Much national attention is directed to the wide range of voter-suppression and vote-counting laws, and gerrymandered maps for federal elections being enacted by state legislatures, and the resulting need for federal voter-protection legislation. But there is an equally pernicious, but much lower-visibility, development evolving in the federal judiciary. The “independent state legislature doctrine” would curtail state-court review of such laws under their own state constitutions, and even limit such courts’ statutory interpretation of ambiguous election laws. Whether this serious erosion of state governments’ fundamental constitutional power of checks and balances prevails will be up to the United States Supreme Court.

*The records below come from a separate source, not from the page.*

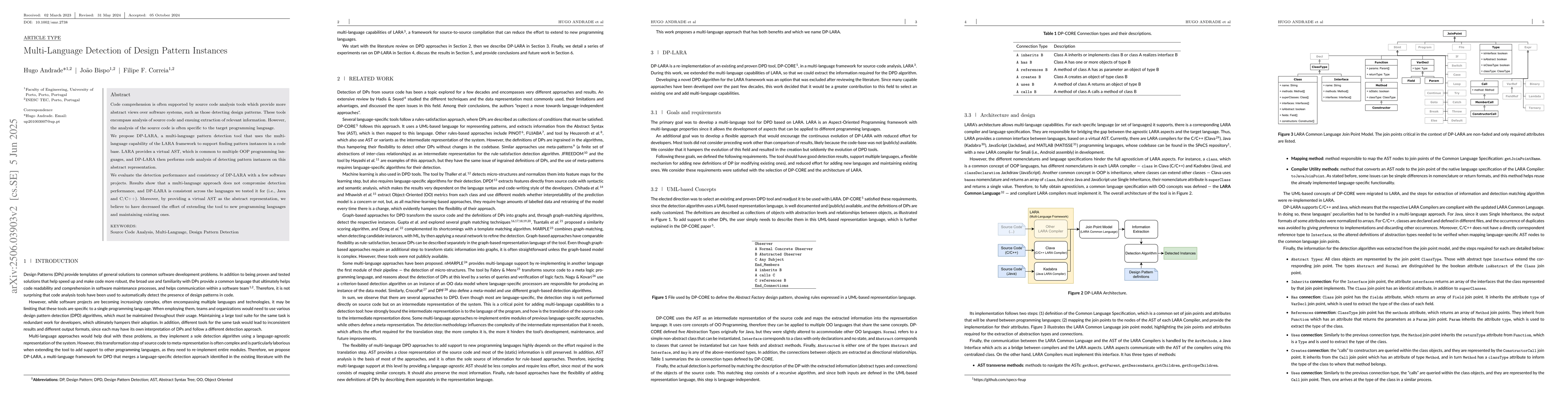 DP-LARA, a multi-language design pattern detection tool leveraging the LARA framework's virtual AST for consistent and performant analysis across multiple OOP languages.
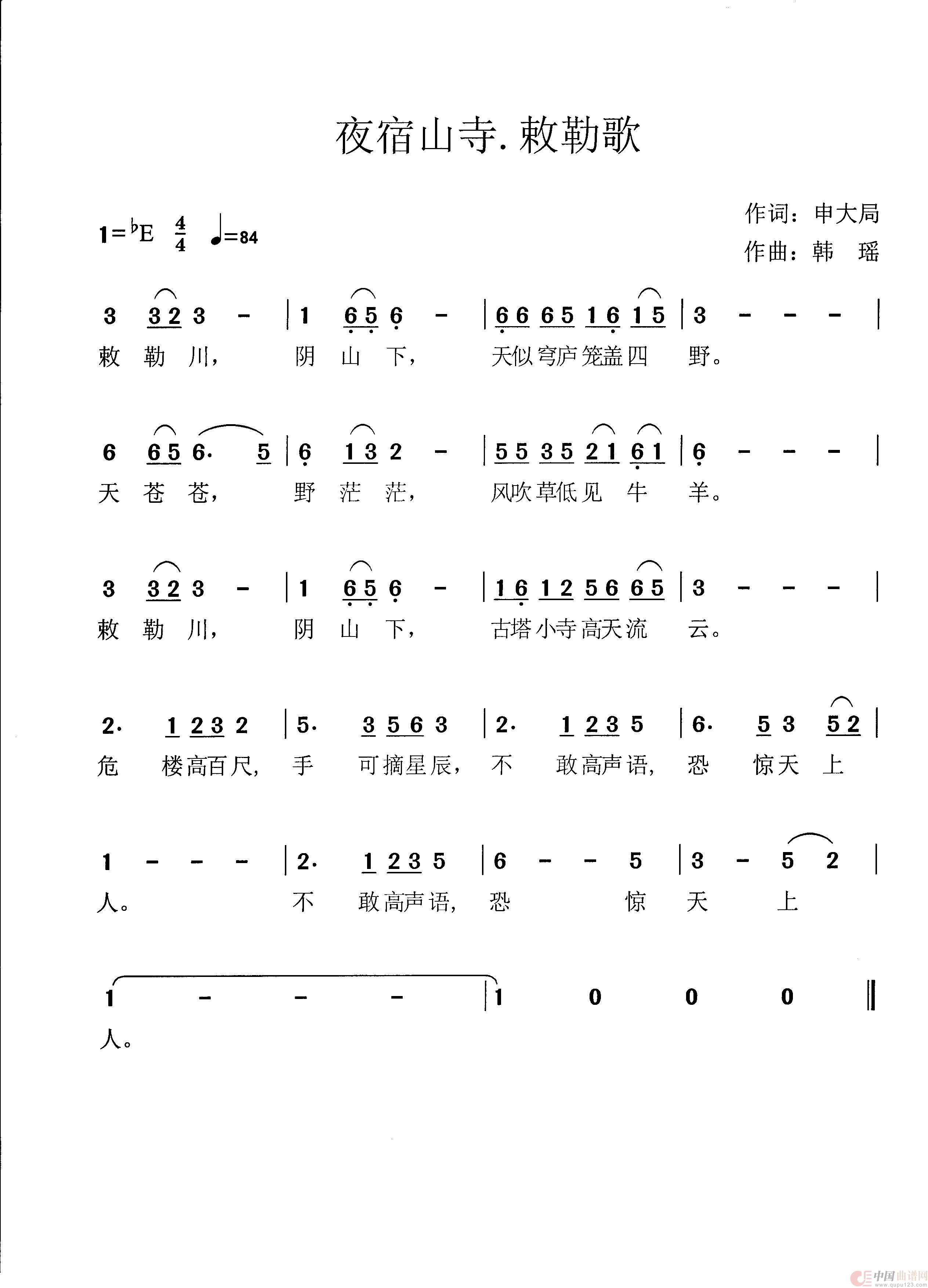 关于《夜宿山寺.敕勒川》曲谱的评论
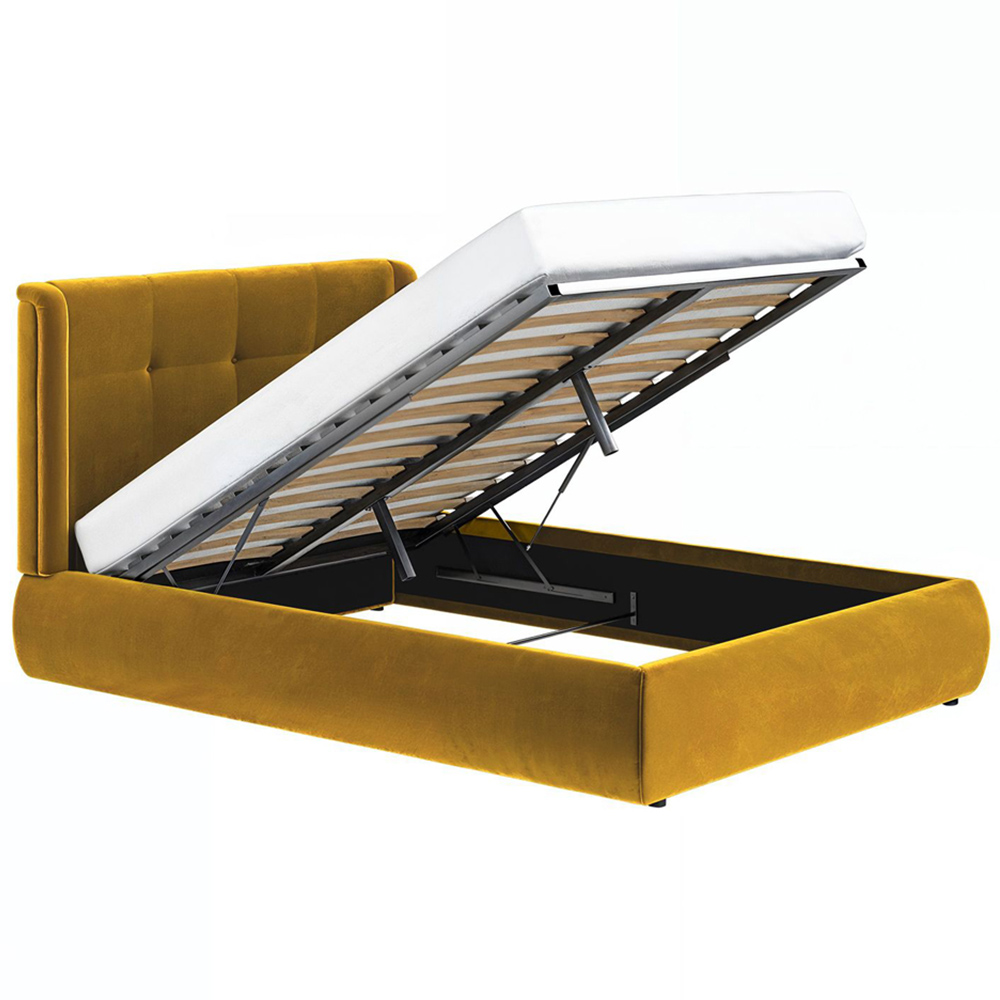 Solace+Co Monte Double Gold Velvet Ottoman Bed with Winged Button Headboard

Article I, sec. 4, cl. 1 of the U.S. Constitution (the Elections Clause) reads “The Times, Places and Manner of holding Elections for Senators and Representatives, shall be prescribed in each State by the Legislature thereof …” Importantly, the clause empowers Congress to “make or alter” these state laws “at any time.” Additionally, Article II, sec. 1, cl. 2 (the Presidential Electors Clause) reads “Each State shall appoint, in such Manner as the Legislature thereof may direct, a Number of Electors” to select the president. This arrangement giving states at least initial control over federal elections is unusual among federal countries. It was one of the many compromises in our federal Constitution in response to the states’ fears of a too-powerful federal government. State courts, however, are not “the Legislature” of the state.